Dave Beckett, 67, also from Birmingham Road, said: "I think they should be putting £19m in not taking £19m out. I think it's disgraceful.
"They are putting nothing into the market and it's the market that brings people into Walsall.
"I would not take the museum away from the people but I think it's underused. I don't think the council considers Walsall people."
Mrs June Proffitt, 77, of Gosgote Place, Walsall, said: "I don't want to pay more council tax.
"I pay enough already but I suppose we will have to pay more if we are going to keep services. It's terrible really. It will be a shame if the museum closes."
The council plans to spend £620m next year, including £64m on social care, £27m on regeneration and transport, £14m on leisure and culture, with £61m on children's services.
Weekly bin collections will continue, libraries and children centres will not be closed and the authority has vowed it will continue to keep the streets clean.
The council has already managed to shave £32m from its spending in the last two years.
In August union bosses pledged to hold regular talks with officials from Walsall Council to reduce the need for compulsory redundancies as chiefs look to make swingeing cuts. The £100m savings needed over the next five years are £20m more than expected. Union officials said they wanted to help draw up plans, which would minimise the risk of large numbers of compulsory redundancies at the town hall.

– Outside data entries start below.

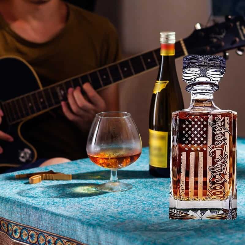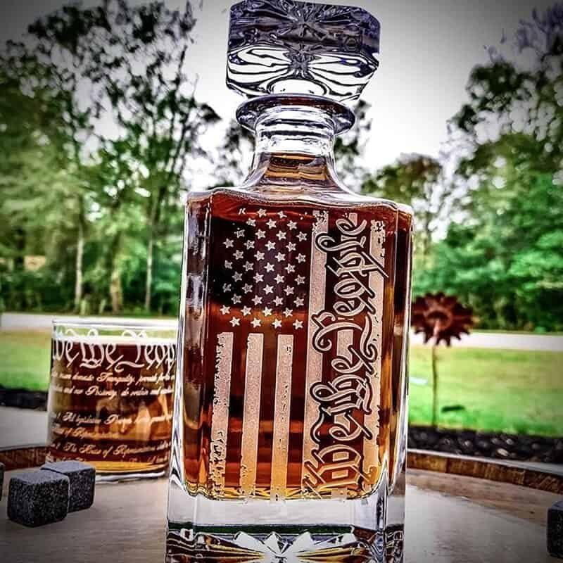 Patriotic Text Engraved: This eye-catching decanter is engraved with “We The People” and American Flag. This list applies to an engraved whiskey decanter only, package does not include the glasses.
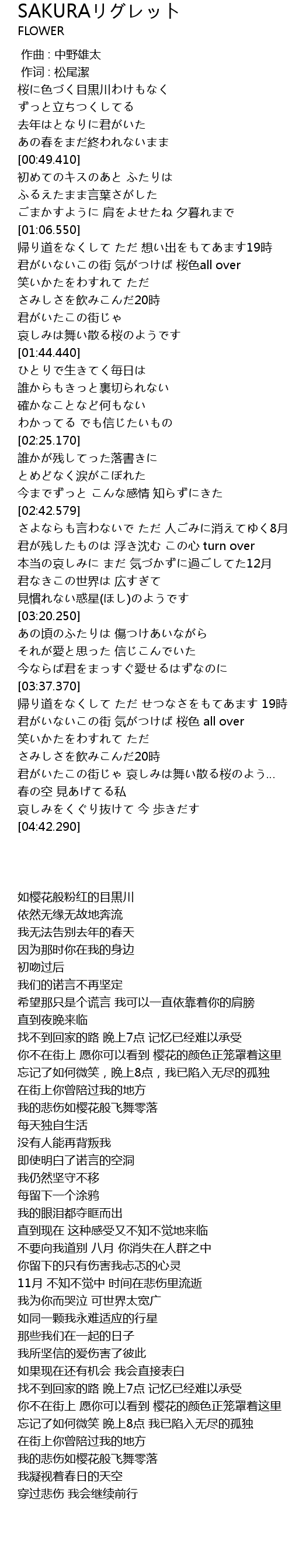 | [04:21.790] | 在街上你曾陪过我的地方 我的悲伤如樱花般飞舞零落 |
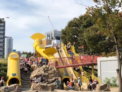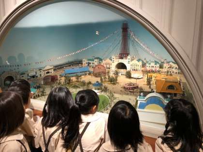 10月22日(月)朝から良いお天気の中、3年生は、秋の遠足でくらしの今昔館へ行ってきました。くらしの今昔館では、昔の道具についてのお話を聞いたり、クイズに答えたりしました。その後、約200年前の大阪を再現した街並みをみんなで歩きました。いろいろなお店の様子や暮らしの様子にみんな興味を持って見学していました。くらしの今昔館の後は、天神橋筋商店街を通って、扇町公園へ行きました。商店街で人通りの多さや商店街の長さに驚いていました。扇町公園では、楽しみにしていたお弁当をみんなで食べて、公園の遊具で遊びました。急な滑り台を滑ったり、ボルダリングをしたりして楽しみました。
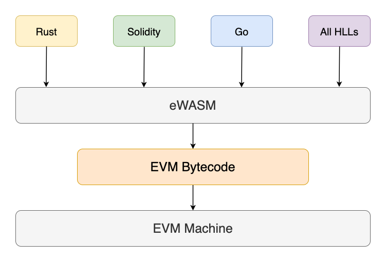 当时,关于执行分片有很多有趣的研究,例如,Vitalik Buterin提出了一种标准化的中间语言(eWASM),允许所有编程语言被编译成以太坊的这种中间语言,并最终编译成EVM字节码执行。
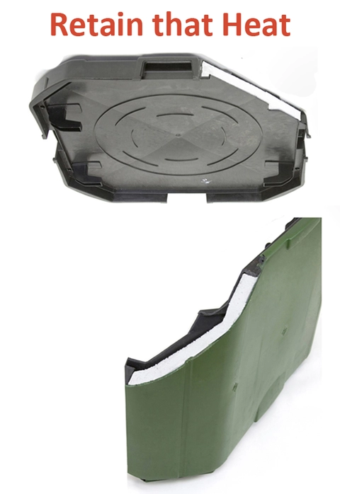FOAM FILLED SIDES, LID, DOORS, HOLD IN THE NATURAL HEAT
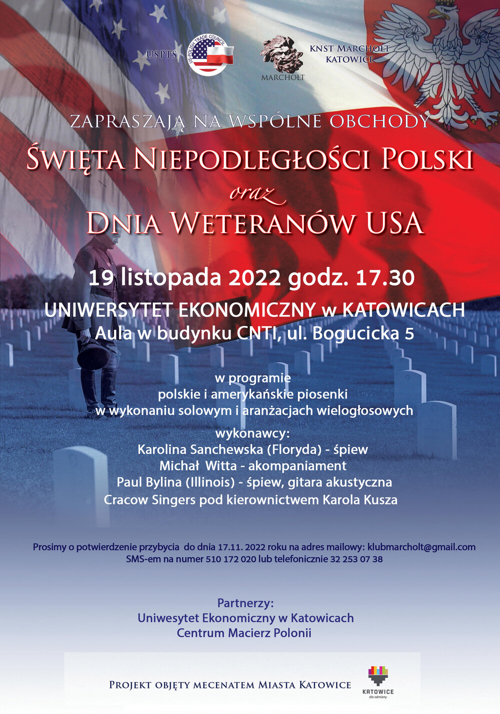 19 listopada br. o godz.17:30 w auli CNTI Uniwersytetu Ekonomicznego w Katowicach odbędzie się koncert organizowany z okazji Święta Niepodległości Polski i Dnia Weteranów USA. W programie polskie i amerykańskie piosenki w wykonaniu solowym i aranżacjach wielogłosowych. Projekt został objęty Mecenatem Miasta Katowice. Serdecznie zapraszamy!
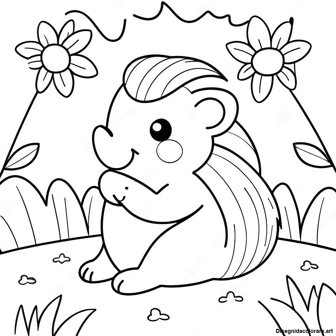 Disegno Da Colorare Di Un Riccio Carino In Un Giardino Fiorito

Tony Jones, from Unison, said: "We will be in regular consultation with the council to mitigate any losses.
"If there are to be redundancies we will be looking for voluntary redundancies first and looking to redeploy in other areas."
It comes after changes to the Government grant given to the local authority.
The proposals go before the council's cabinet meeting on Wednesday, October 23.
A final decision is due to be made in February.